Just let me run!
Struggling to survive in ‘We Happy Few’
★★★✩✩
We Happy Few
Developed by Compulsion Games
Published by Gearbox Publishing
Rated M for Mature
Available on PS4, Xbox One, and Windows
It’s a lovely day. The Nonsuches are blooming. The Joy has never been more effective, making everyone happy! And they have been happy — for the last 15 years. Sadness no longer exists in the little town of Wellington Wells. Anybody who says otherwise will have a nice little visit to the police station for a friendly chat. So keep taking your Joy! As they say, “Happy is the country with no past!”
This is We Happy Few, a survival game set in an alternative 1960s England. Taking a page from George Orwell’s 1984, the game depicts everyday people trying to live in a futuristic dystopia. The only difference is that the citizens were the ones to craft their birdcage. To help them forget all about their horrible pasts, Joy is synthesized to keep everyone gleeful and cheery. As long as the citizens keep taking it, they’ll never remember any of the awful things they did during the German Occupation which happened years ago. Well, most of them don’t.
You follow the three interconnected stories of Arthur Hastings, Sally Boyle, and Ollie Starkey as they attempt to live in their dystopia. You’ll need to master a complicated crafting system and each character’s special abilities if you want to survive. Offering a procedurally-generated world filled with different environments that all have their own set of rules, the developing team had a big promise to fulfill to all the people who wanted both an immersive world and compelling story-line. The result? A game that is less than the sum of its parts.
For much of the game, until you unlock a specific skill, you can’t run without serious consequences. People become suspicious in the town, chasing after you until you break their line of sight or until they bludgeon you to death. As a result, you are stuck at a walking pace in a labyrinth of a city. The horrible framerate doesn’t help either. I found myself trudging through the early parts of the game while I was trying to get used to the flow of the game. Said flow is mostly pointless side quests that give you skill points. They are unreasonably difficult in the early game but become trivial when you unlock all the skills in the late game. It feels satisfying to blaze through the quests when you finish your skill tree, so it’s frustrating to see your progress disappear at the end of one arc as you finish one character’s story.
While each of the protagonists has an intriguing tale, the gameplay often gets in the way of the narrative. Much of the interesting parts of the characters are locked away behind collectibles which don’t show up on the map, so it’s possible to miss out on interesting characterizations. The game loses steam because of this. The characters become flat.

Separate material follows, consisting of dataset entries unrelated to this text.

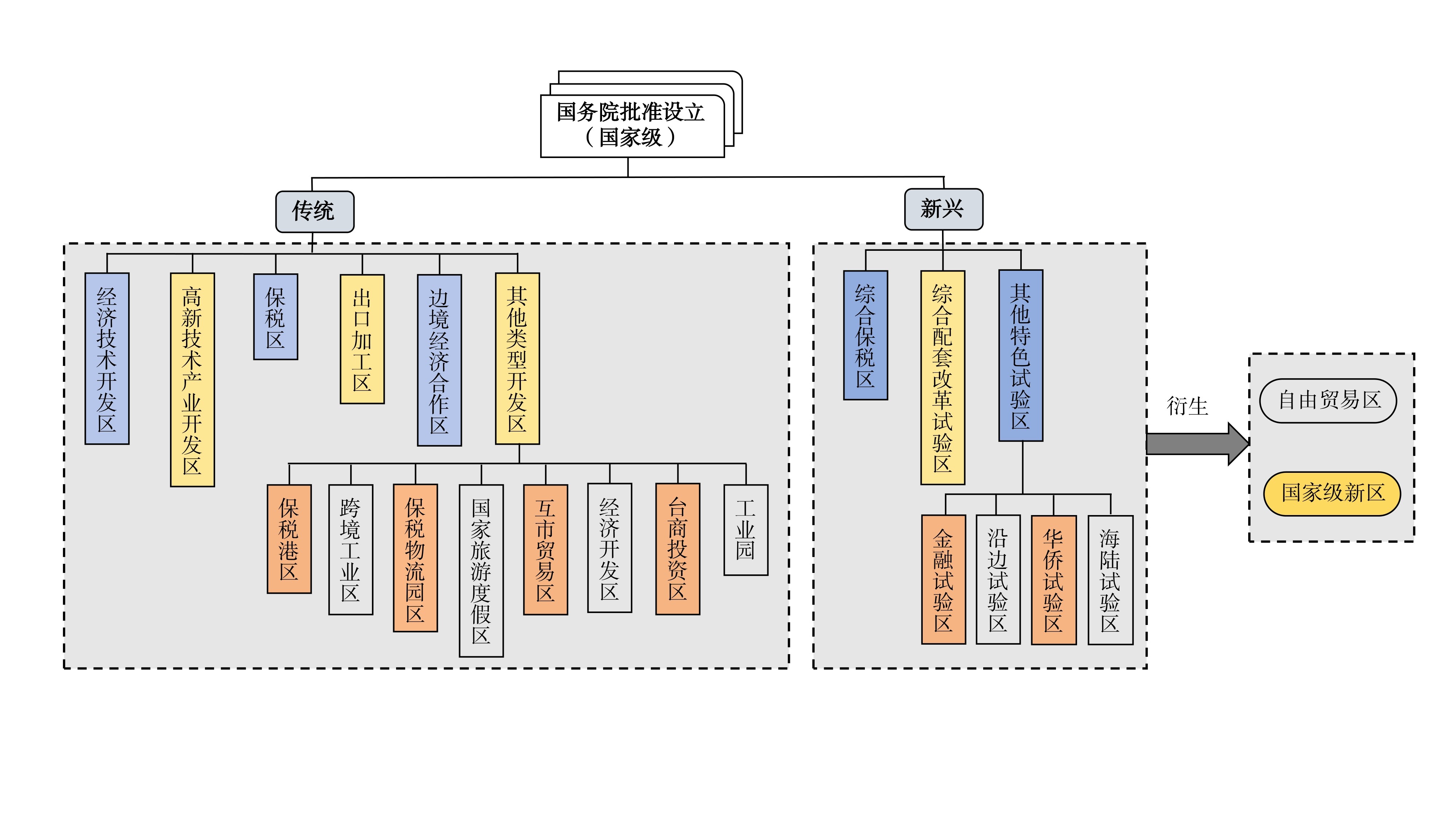 | 管理机构 | 行政管理机构完整,一般设有党委、政府、人大和政协 | 多数为管理委员会,但也存在“政府型”(如浦东新区、天津滨海新区)和“区政合一型”(如广州南沙新区)等模式,其中管委会不设立政府、人大和政协,设立党工委 |
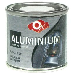 Pot de 60 ml Séchage en 1 h. Peinture satinée décorative, aspect aluminium pour la décoration ou la rénovation de vos objets, meubles, menuiserie... Pour l'intérieur ou l'extérieur. Formule au solvant. Fort pouvoir couvrant. Rendement : 8 m²/ L Prêt à l'emploi. A utiliser sur fers, bois, plâtres, cartons, plastiques, cuivre, cuirs… A appliquer au pinceau en deux couches. Résiste aux chocs et aux rayures.
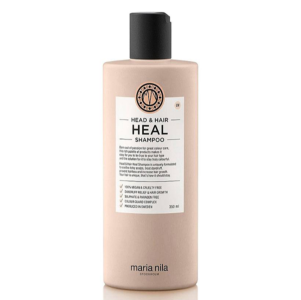 Maria Nila Head & Hair Heal shampoo werkt ontstekingsremmend en haargroei-stimulerend. Hij behandelt en voorkomt tevens roos, hoofdhuid-problemen en haaruitval.
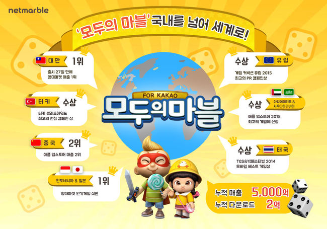 2013년 6월 첫 선을 보인 ‘모두의마블’은 국내에서의 폭발적인 인기를 바탕으로 작년 7월부터 중국, 터키, 대만, 태국, 일본, 인도네시아 등 총 6개 국가에서 서비스를 시작했다. 12월 현재 누적 다운로드 수 2억 건을 돌파하며 명실상부한 글로벌 게임으로 자리잡았다.
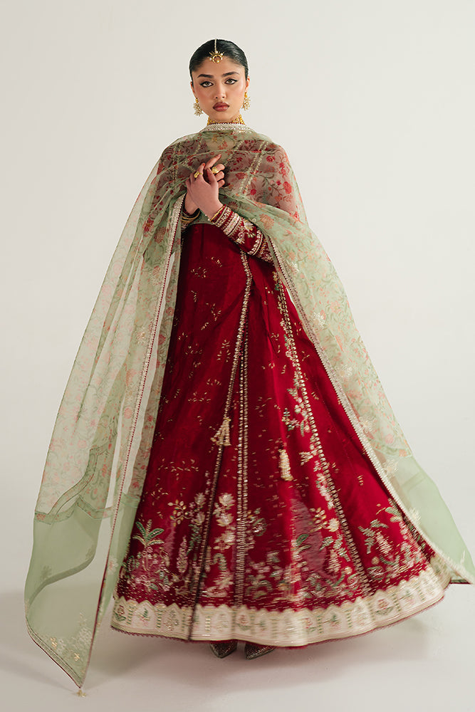 Jacquard silk angrakha pishwaas with shikargah embroidery and tassel detailing
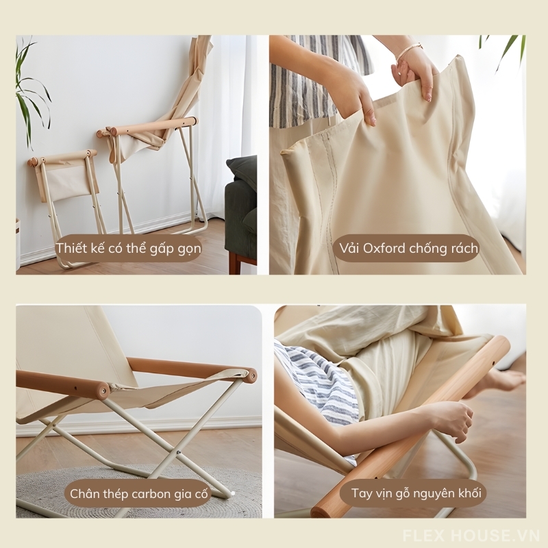Ghế xếp thư giãn HJ0625 ghi điểm mạnh với khung thép carbon cực kỳ chắc chắn, chịu lực tốt và độ bền cao theo thời gian, kết hợp tay vịn gỗ mang lại cảm giác sang trọng và thoải mái khi sử dụng. Phần vải Oxford dày dặn, thoáng khí giúp ngồi lâu không bí bách, đồng thời thiết kế gấp gọn linh hoạt giúp tiết kiệm diện tích tối đa và dễ dàng mang theo mọi nơi.

I wanted to enjoy We Happy Few more than I actually did. It sells you an 1960s aesthetic that’s really easy to fall in love with. The actual product is more like Joy. It’s enjoyable for about a few minutes. Then it becomes an absolute trudge as you attempt to play the game version of 1984. While it slightly redeems itself with the profoundness of the storylines, it can hardly be considered a “smashing time.”